*Task to complete:* Exclude the pictures and reproduce the remaining data exactly as written.

*Information shown:*
═══
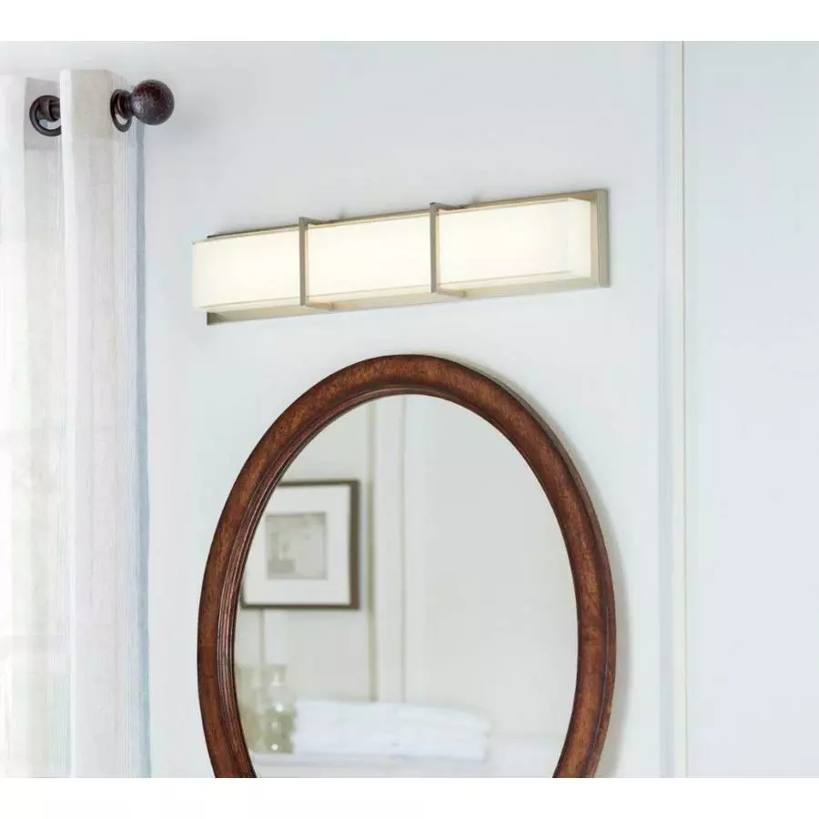 - At 27-in in length, this vanity light bar will work best with large vanities, measuring 30-in or longer
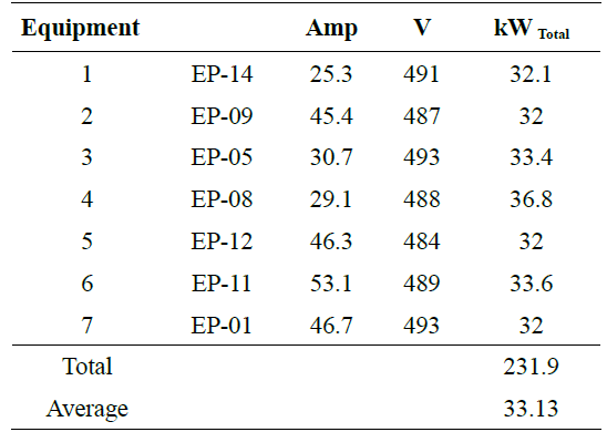 Technical visits to each area and department of the warehouse were conducted to develop a detailed field survey. The survey included identifying all types of tubing (water, fuel, air-conditioning, etc.) and the type and quantity of lights, as well as gathering technical plate information from all the operating equipment and recording their physical operating parameters (e.g., temperature, pressure, capacity, flow, electrical parameters). Likewise, operators were visited to collect variables that could not be obtained directly from physical measurements, such as usage habits, maintenance hours, and considerations beyond maintenance controls, among others. This information was used to identify various opportunities for increasing efficiency and saving energy and improving operating programs and maintenance with the systems and equipment [7].
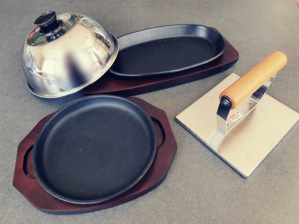 肉好き女子のハートをつかむアイテム発見。ジュージュー熱々のハンバーグやステーキをのせる鉄板プレートと熱さを逃さないステーキカバー。写真右の取っ手がついた天板はずっしり重い肉押さえ。肉がカリッと美しく焼けるプロ専用の道具です。
═══
*Written response:*
 - At 27-in in length, this vanity light bar will work best with large vanities, measuring 30-in or longer
 Technical visits to each area and department of the warehouse were conducted to develop a detailed field survey. The survey included identifying all types of tubing (water, fuel, air-conditioning, etc.) and the type and quantity of lights, as well as gathering technical plate information from all the operating equipment and recording their physical operating parameters (e.g., temperature, pressure, capacity, flow, electrical parameters). Likewise, operators were visited to collect variables that could not be obtained directly from physical measurements, such as usage habits, maintenance hours, and considerations beyond maintenance controls, among others. This information was used to identify various opportunities for increasing efficiency and saving energy and improving operating programs and maintenance with the systems and equipment [7].
 肉好き女子のハートをつかむアイテム発見。ジュージュー熱々のハンバーグやステーキをのせる鉄板プレートと熱さを逃さないステーキカバー。写真右の取っ手がついた天板はずっしり重い肉押さえ。肉がカリッと美しく焼けるプロ専用の道具です。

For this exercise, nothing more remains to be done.